I did not realize at first that my host was almost as much startled as I was.

'Your mother!' he repeated; 'your mother! Surely not! Do you mean to tell me,' he said, laying his hand on my arm, 'that your name is Villiers?'

'Of course it is,' I said; 'Jack Villiers.'

'Nellie, Nellie,' he cried, for she had gone upstairs to the children, 'come down at once; who do you think this is, Nellie? You will never guess. It is Jack Villiers, the little Jack you and I used to know so well.
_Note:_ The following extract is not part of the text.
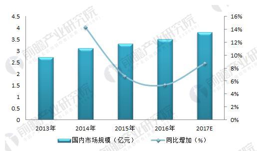 圖表4:2013-2016年中國鐵路機(jī)車用蓄電池行業(yè)市場(chǎng)規(guī)模變化趨勢(shì)(單位:億元,%)
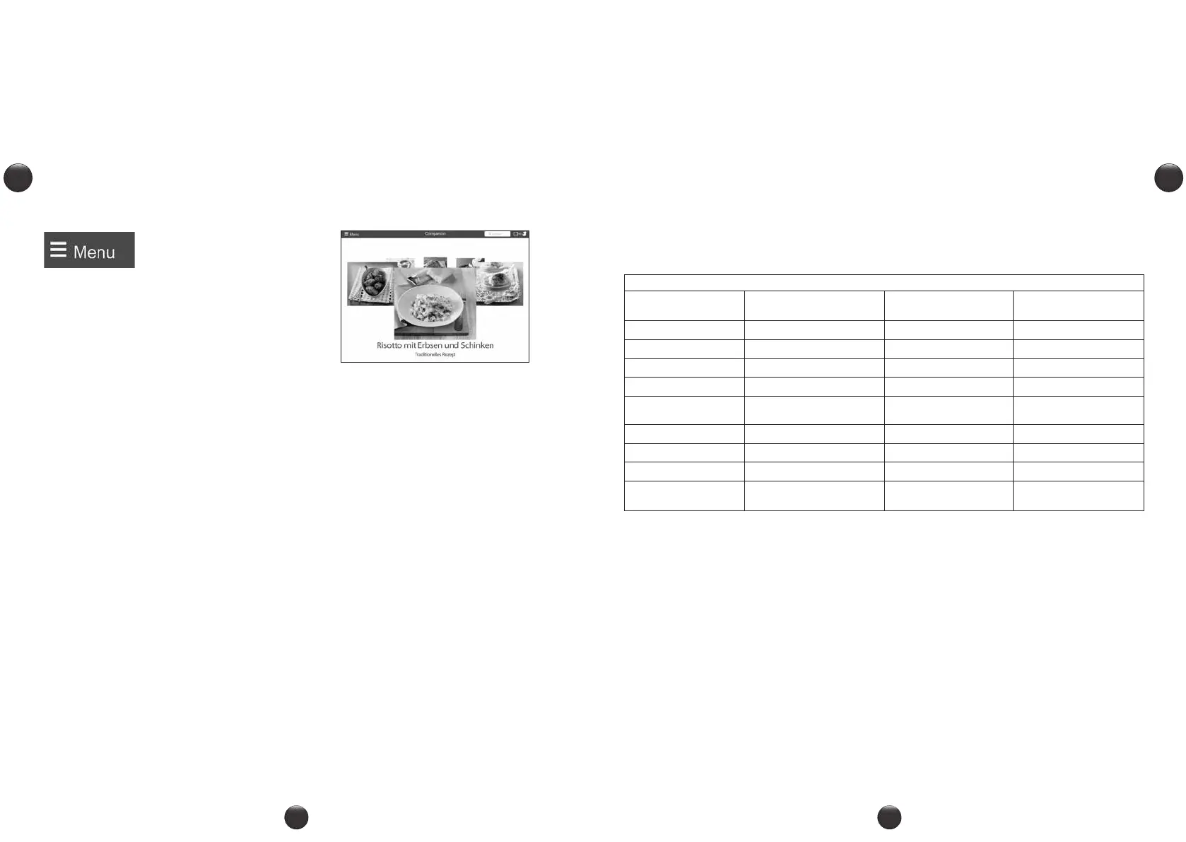 und Menge der Zutaten die entsprechende Garzeit einstellen. Siehe dazu die untenstehende Tabelle.

Why, do you know,' he said, 'our own little Jack was named after you; he was indeed, and we haven't heard of you for years—never since your dear mother died.'

I was too much astonished at first to ask him any questions, and he was too much delighted to explain where and how he had known me; but after a time, when we had recovered ourselves a little, we drew our chairs round the fire, and he began his story.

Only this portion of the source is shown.